The Edinburgh Trams project started construction in 2008 and after many contractual and political delays is now scheduled for completion in 2014. What was originally costed at under £400m is now going to cost three times as much and deliver less than a third of what was originally promised in terms of route and capacity.
Hopefully a public enquiry, which itself is about 18 months overdue, will name and shame the culprits within local and central government as well as the contractors who are probably less than golden.
But what really irks me about the whole scheme is that it shouldn’t be built at all. Why does Edinburgh need yet another service for carrying commuters from the West of the city to the centre? There are already several buses that operate from the airport and its environs that work perfectly well. Adding trams to the mix is an expensive and unjustified option.
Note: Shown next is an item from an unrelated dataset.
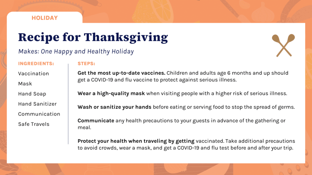 - What’s on the menu for your #Thanksgiving2023? By following the recipe for a safe and healthy Thanksgiving, you can enjoy the holiday and protect yourself and others from COVID-19 and the flu. Learn more: [Link to PDF or local/state landing page]

One of the Scottish Nationalist Party’s many mistakes was the cancelling of a rail link from Edinburgh airport to the centre. Although they were correct to cancel the particular Edinburgh Airport Rail Link with its expensive tunnels and additional trains, they were wrong to discount train travel entirely. Indeed the main reason for canning the Rail Link was that it duplicated existing bus routes… which is exactly what the tram link is also doing. But for some reason it is alright to spend £1bn on trams because it’s green.
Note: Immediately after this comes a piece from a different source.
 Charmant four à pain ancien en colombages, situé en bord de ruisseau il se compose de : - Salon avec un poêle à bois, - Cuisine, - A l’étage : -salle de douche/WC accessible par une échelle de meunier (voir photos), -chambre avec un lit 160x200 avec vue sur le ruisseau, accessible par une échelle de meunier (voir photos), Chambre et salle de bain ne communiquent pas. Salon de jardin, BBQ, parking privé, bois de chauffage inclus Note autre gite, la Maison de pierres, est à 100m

But there is a better, faster and cheaper alternative: don’t spend £1bn on any trams and invest in the existing transport infrastructure.
The main line carrying trains in and out of Edinburgh from the north of Scotland, connecting to the central hubs at Haymarket and Waverley, passes 300m from the end of the runway at Edinburgh airport and about 1000m from the main terminal building. Compared to spending £1bn on trams or £650m on a dedicated link, it would cost low tens of millions to build a new station at the end of the runway and connect it to the terminal via a shuttle bus. There is already a road infrastructure in the vicinity and existing trains could carry passengers to/from the station. It should also appease the carbon counters, since this service will be quicker than road travel and would encourage less people to use cars and buses to get to the airport.
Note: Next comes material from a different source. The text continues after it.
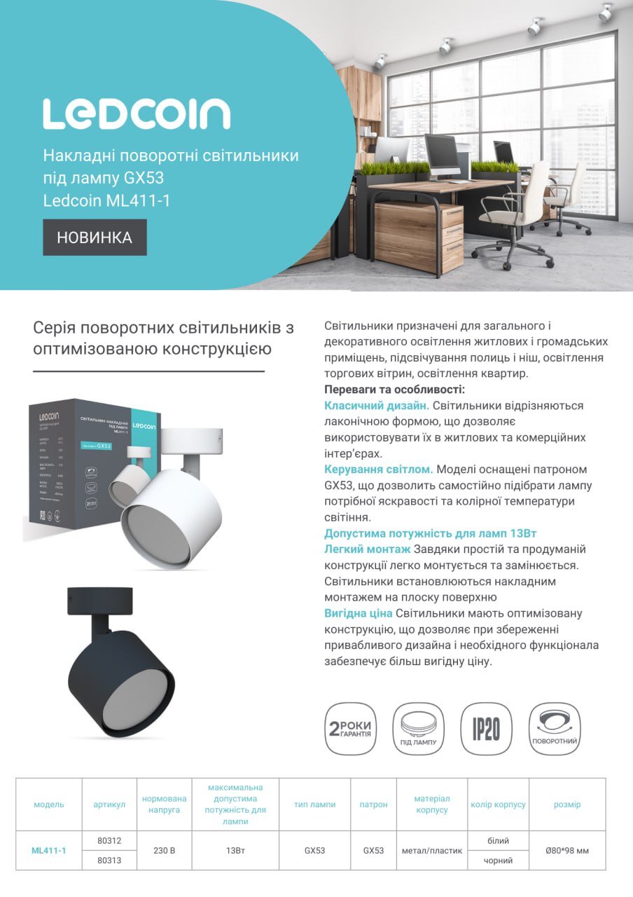 Накладні поворотні світильники під лампу GX53 Ledcoin МL411-1

Which begs the obvious question: why has no-one suggested this to the councillors in Edinburgh? Are the residents of City Chambers so blindly devoted to their shiny trams that they are willing to throw £1bn of our money at a project that at best will duplicate an existing bus service. Of the £560m still to be spent on the trams project, a new station, signalling and associated services will leave about £500m to be spent on more worthy projects for the capital, or better still not spent at all.